*** DATA EXTRACT

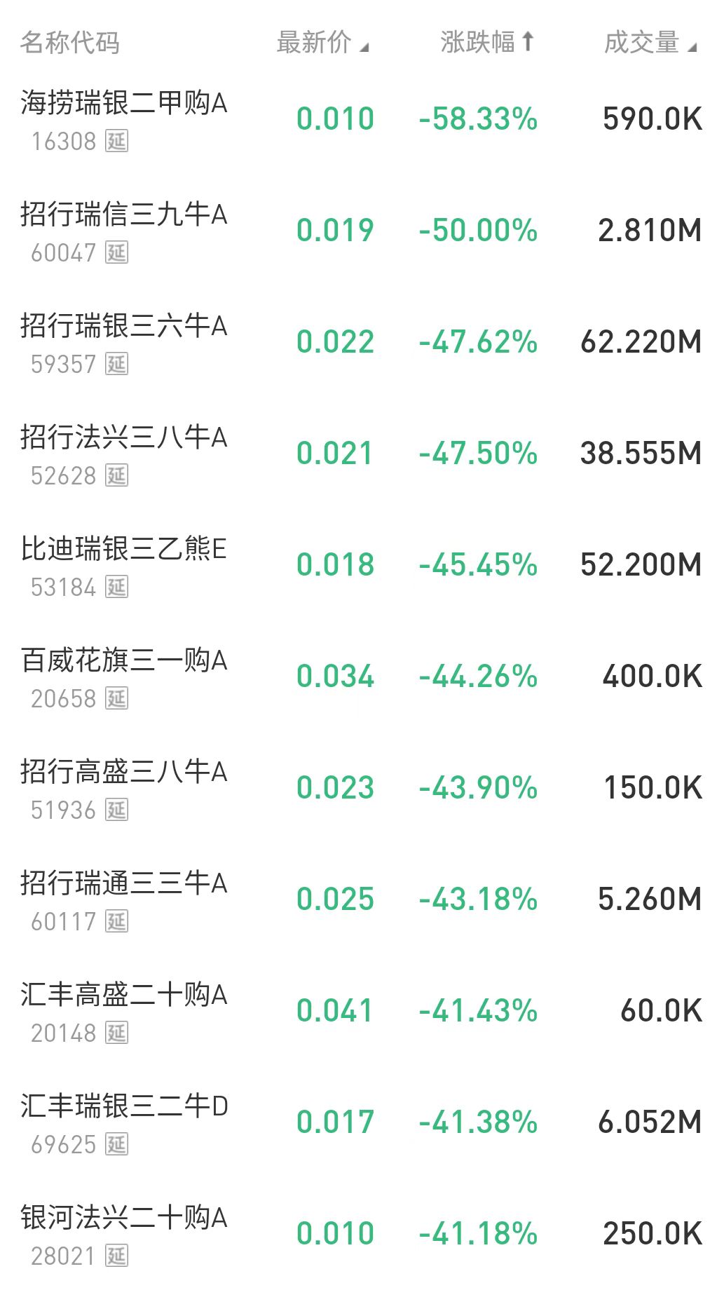 在今日跌幅榜中,海捞瑞银二甲购A $16308.HK 跌58.33%;招行瑞信三九牛A $60047.HK 跌50%。
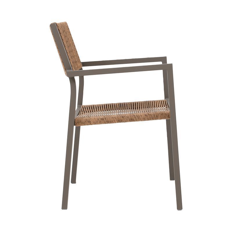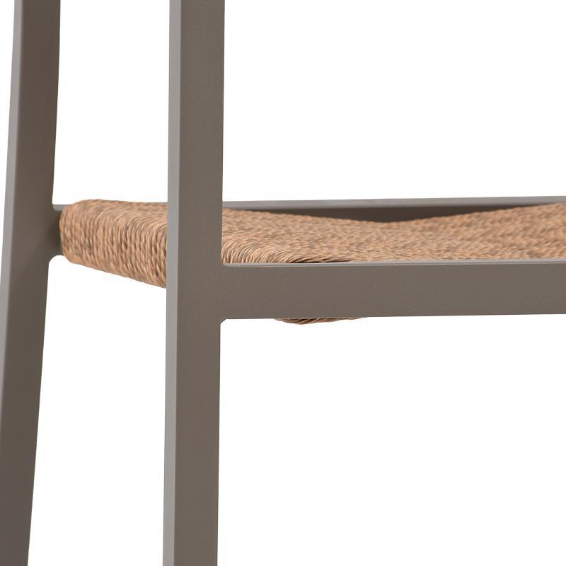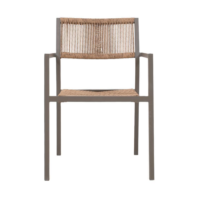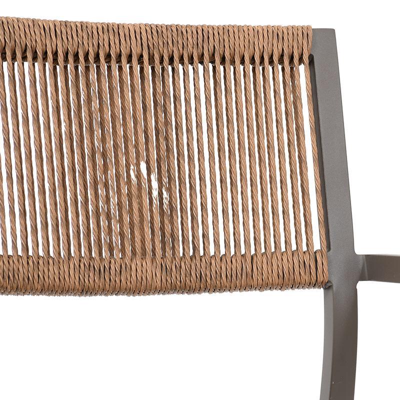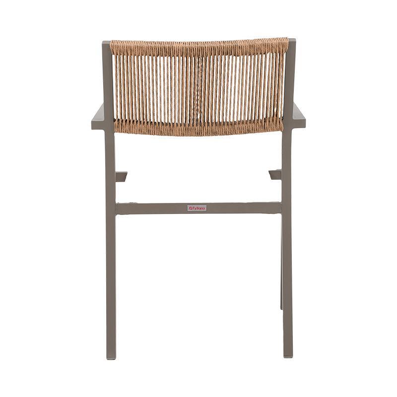 Πλάτη με PE Rattan Twist: Η ελαφρώς κυρτή πλάτη της καρέκλας είναι επενδεδυμένη με ειδικής επεξεργασίας PE Rattan Twist, ένα συνθετικό υλικό που προσφέρει την αίσθηση του φυσικού rattan, αλλά με μεγαλύτερη αντοχή στις εξωτερικές συνθήκες. Το PE Rattan είναι ανθεκτικό στην υγρασία, την ηλιακή ακτινοβολία και τη θερμότητα, διατηρώντας την εμφάνισή του αναλλοίωτη για πολλά χρόνια.
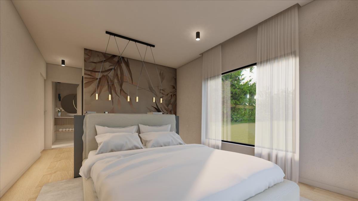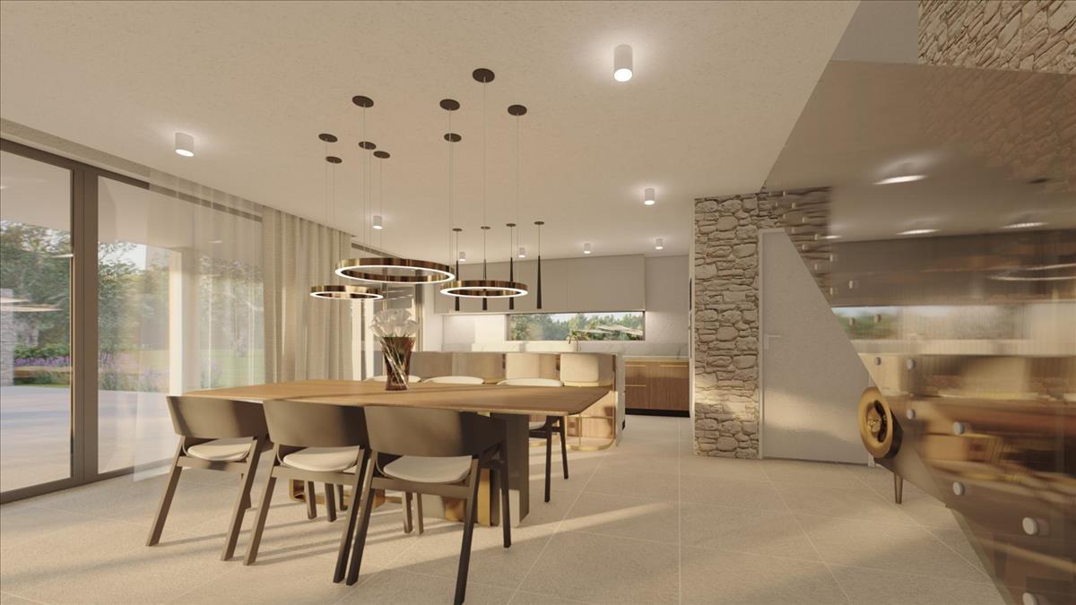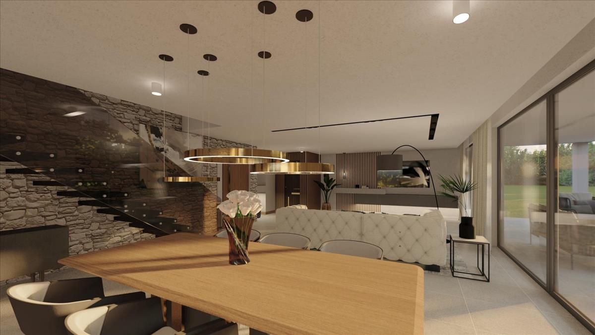 A földszinten egy nyitott koncepciójú nappali, étkező és konyha található, közvetlen hozzáféréssel egy fedett teraszhoz, amely nyári konyhát, vendég WC-t és technikai helyiségeket tartalmaz. Az első emeleten három hálószoba található, mindegyik saját fürdőszobával és hozzáféréssel egy panorámás tengerre néző teraszhoz. a parkosított és kerített kertben egy medence található napozóterülettel, amely tökéletes helyet biztosít a pihenéshez és a szabadtéri szórakozáshoz.

******

_WHAT TO PRODUCE:_ Each line of the material above should be set down exactly, with no pictures.

_ANSWER SPACE:_
 在今日跌幅榜中,海捞瑞银二甲购A $16308.HK 跌58.33%;招行瑞信三九牛A $60047.HK 跌50%。
 Πλάτη με PE Rattan Twist: Η ελαφρώς κυρτή πλάτη της καρέκλας είναι επενδεδυμένη με ειδικής επεξεργασίας PE Rattan Twist, ένα συνθετικό υλικό που προσφέρει την αίσθηση του φυσικού rattan, αλλά με μεγαλύτερη αντοχή στις εξωτερικές συνθήκες. Το PE Rattan είναι ανθεκτικό στην υγρασία, την ηλιακή ακτινοβολία και τη θερμότητα, διατηρώντας την εμφάνισή του αναλλοίωτη για πολλά χρόνια.
 A földszinten egy nyitott koncepciójú nappali, étkező és konyha található, közvetlen hozzáféréssel egy fedett teraszhoz, amely nyári konyhát, vendég WC-t és technikai helyiségeket tartalmaz. Az első emeleten három hálószoba található, mindegyik saját fürdőszobával és hozzáféréssel egy panorámás tengerre néző teraszhoz. a parkosított és kerített kertben egy medence található napozóterülettel, amely tökéletes helyet biztosít a pihenéshez és a szabadtéri szórakozáshoz.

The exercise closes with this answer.